PROBLEM DESCRIPTION: Output the first line of the listing and each line after it, up to and including the line that contains "This booklet chronicles", exactly as written, minus the pictures.

DATA TO EXAMINE:
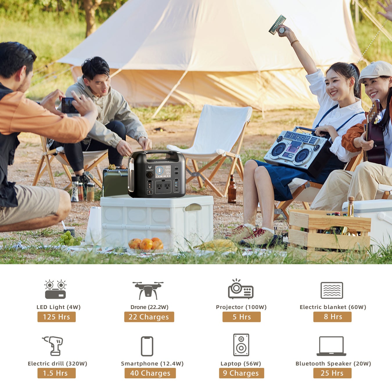 大容量を持つため、キャンプや車中泊、屋外での家庭用電源として使用することができます。キャンプから災害時の備えまで、幅広い状況で使用することができます。HEADWOLFポータブル電源D500は、最大500Wの電力でデバイスを駆動し、多くの機器やデバイスと使用することができます。ノートパソコン(56W)約9回分、ドローン(22.2W)約22回分、スマートフォン(12.4W)約40回分、電気毛布(60W)約8時間使用することができます。ポータブル電源はすべての電気機器と互換性があるわけではありませんので、ご了承ください。製品には消費電力よりも大きな起動電力が必要な場合があります。
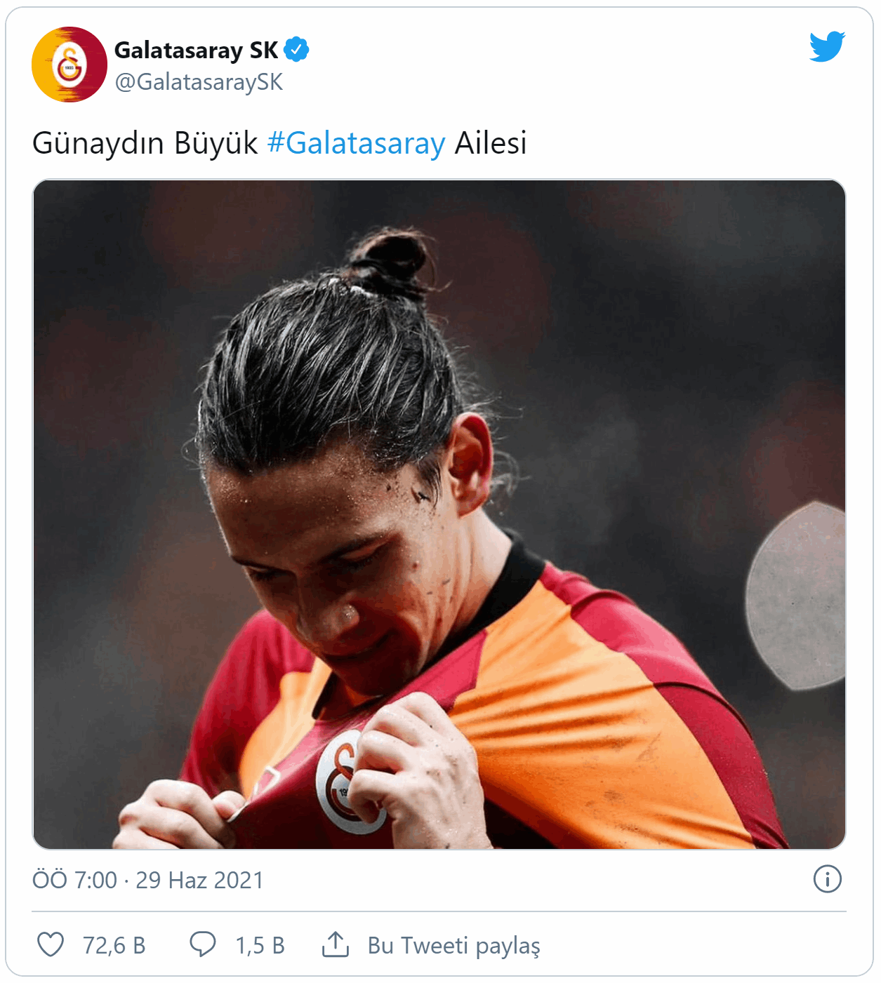 Galatasaray resmi hesabından yapılan paylaşımda Taylan Antalyalı'nın fotoğrafı paylaşılırken, "Günaydın Büyük Galatasaray Ailesi" notu düşüldü.
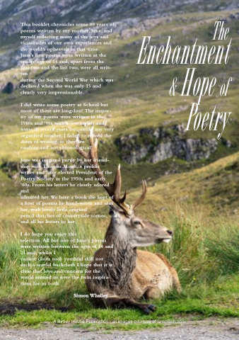 This booklet chronicles some 80 years of poems written by my mother, June, and myself reflecting many of the joys and vicissitudes of our own experiences and the world’s upheavals in that time.
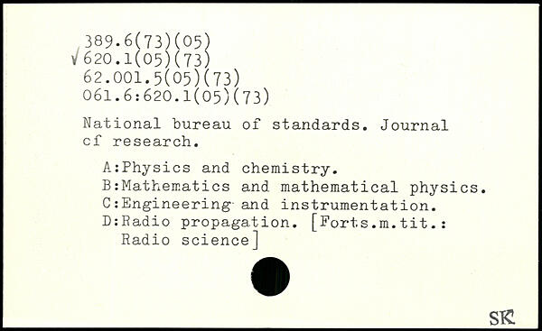 National bureau of standards. Journal cf research. AîPhysics and chemistry. B:Mathematics and mathematical physics. C:Engineering and instrumentation. D:Radio propagation. [Forts.m.tit.: Radio science]
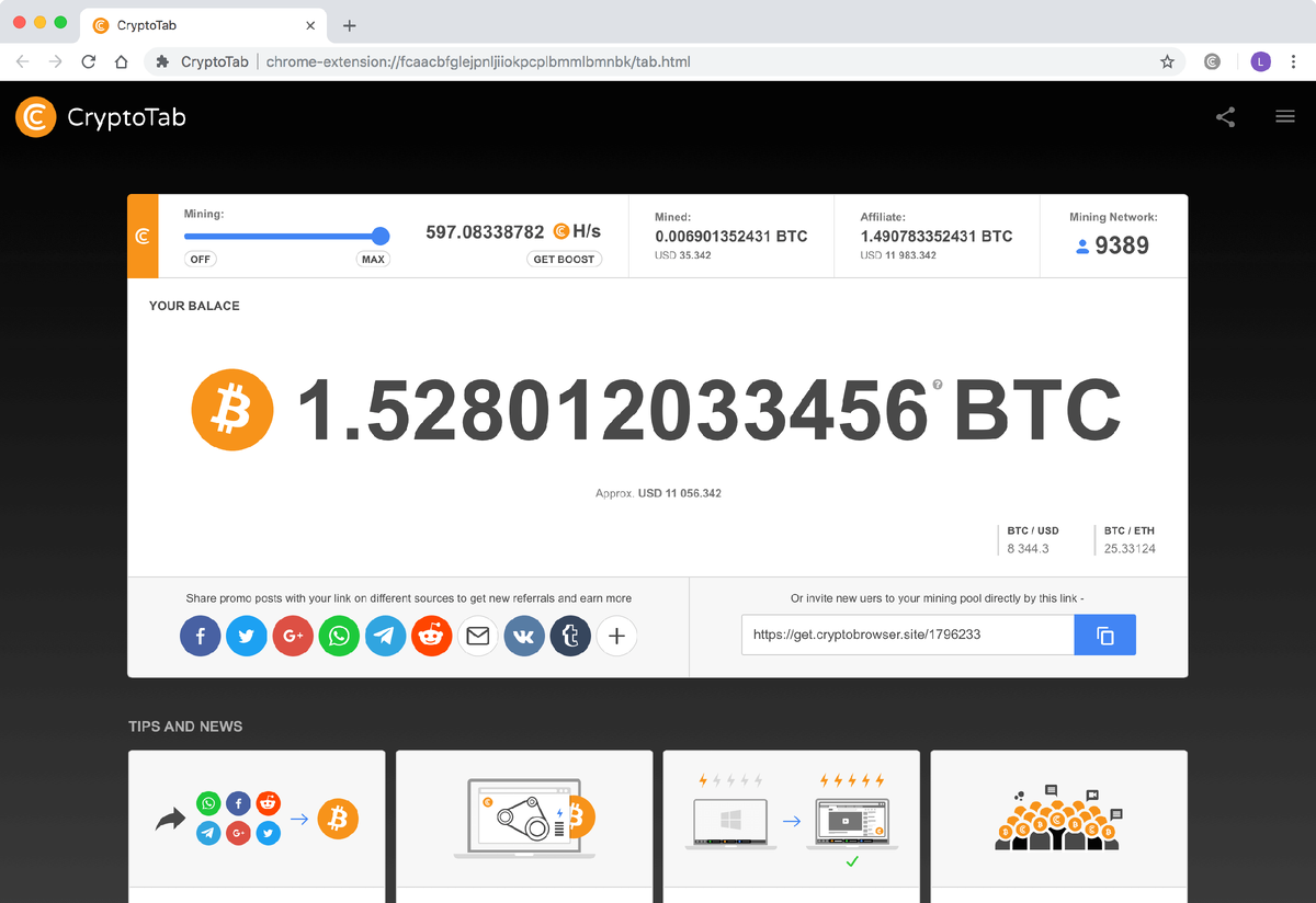CryptoTab Браузер Что такое CryptoTab Браузер? CryptoTab Браузер это бесплатный, легковесный браузер с дополнительным функционалом для майнинга. Браузер может быть персонализирован в соответствии с вашими пожеланиями огромным количеством доступных расширений, чтобы сделать ваш опыт просмотра веб-страниц максимально быстрым и комфортным. Чем CryptoTab Браузер отличается от других популярных браузеров? CryptoTab Браузер является единственным в своем роде программным обеспечением, разработанным специально для майнинга. Благодаря встроенному алгоритму майнинга, вы можете просто просматривать веб-страницы и зарабатывать биткойны одновременно. Также, будучи пользователем CryptoTab Браузера, вы имеете возможность участвовать в нашей реферальной программе, где можно приглашать друзей, привлекать новых рефералов, продвигать CryptoTab Браузер через социальные сети и увеличивать за счет этого свой доход. Майнинг в CryptoTab Браузере Как настроить учетную запись для майнинга? Откройте Cryp

RESULT FOR THIS EXERCISE:
 大容量を持つため、キャンプや車中泊、屋外での家庭用電源として使用することができます。キャンプから災害時の備えまで、幅広い状況で使用することができます。HEADWOLFポータブル電源D500は、最大500Wの電力でデバイスを駆動し、多くの機器やデバイスと使用することができます。ノートパソコン(56W)約9回分、ドローン(22.2W)約22回分、スマートフォン(12.4W)約40回分、電気毛布(60W)約8時間使用することができます。ポータブル電源はすべての電気機器と互換性があるわけではありませんので、ご了承ください。製品には消費電力よりも大きな起動電力が必要な場合があります。
 Galatasaray resmi hesabından yapılan paylaşımda Taylan Antalyalı'nın fotoğrafı paylaşılırken, "Günaydın Büyük Galatasaray Ailesi" notu düşüldü.
 This booklet chronicles some 80 years of poems written by my mother, June, and myself reflecting many of the joys and vicissitudes of our own experiences and the world’s upheavals in that time.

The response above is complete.